Member of the Ghana Parliament for Cape Coast
- In office 1969–1972
- Preceded by: Kojo Abraham
- Succeeded by: Dr. Bassa Quansah

Minister of Information
- In office 1 October 1969 – 27 January 1971
- President: Kofi Abrefa Busia

Minister for Lands and Mineral Resources
- In office 27 January 1971 – 12 January 1972
- President: Kofi Abrefa Busia
- Preceded by: R. R. Amponsah

Personal details
- Born: 26 November 1929 Sekondi, Gold Coast
- Died: 19 January 2013 (aged 83) Accra, Ghana
- Education: Aggrey Memorial A.M.E. Zion Senior High School, Mfantsipim School, University of London

= T. D. Brodie-Mends =

Ghanaian politician (1929–2013)

Theophilus Dougan Brodie-Mends (26 November 1929 – 19 January 2013) was a Ghanaian journalist, lawyer and politician. He was a member of the first Parliament of the second Republic. He also served as Minister of Information and Minister of Lands and Mineral Resources and also Minister of State during the Busia government.

==Early life and education==
Brodie-Mends was born on 26 November 1929 at Sekondi in the Western Region, Ghana.

His early education began in 1934 at the Catholic Primary School in Sekondi. He enrolled at Aggrey Memorial College, Cape Coast in 1940 but left in 1941 and joined Mfantsipim School, Cape Coast in 1942 to continue his secondary education.
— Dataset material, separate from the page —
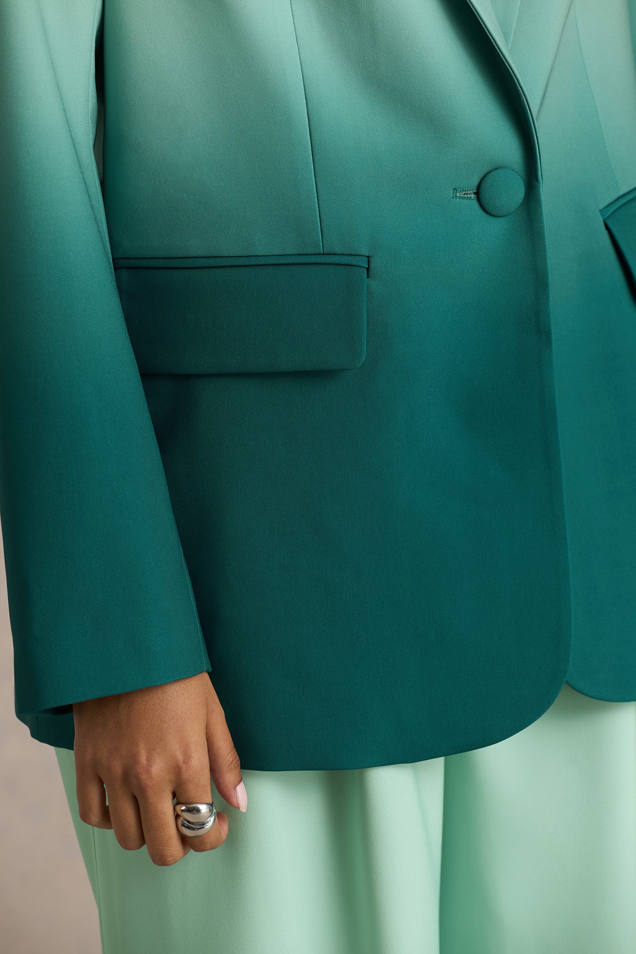 Introducing our latest statement-making piece Enya. This elevated blazer is cut from our premium satin in a striking emerald ombré. Featuring a sharp collared neckline and single button fastening. this tailored piece balances sleek structure with standout style. Pairing perfectly with our Safia trousers. this suit was made to make power moves.

He proceeded to England in 1952 to study politics at the Marx School, London, where he passed the General Certificate of Education (Advanced Level) in 1954. He went on to study law at the University of London later that year and joined the Middle Temple in 1957. He was called to the bar in 1960. While in Britain he was a Labour Party activist, the President of the Ghana Students' Union of Great Britain and Ireland, and vice-president of the West African Students' Union.

==Career==
Brodie-Mends worked as journalist, as a sub-editor for the Star of West Africa from 1947 to 1952.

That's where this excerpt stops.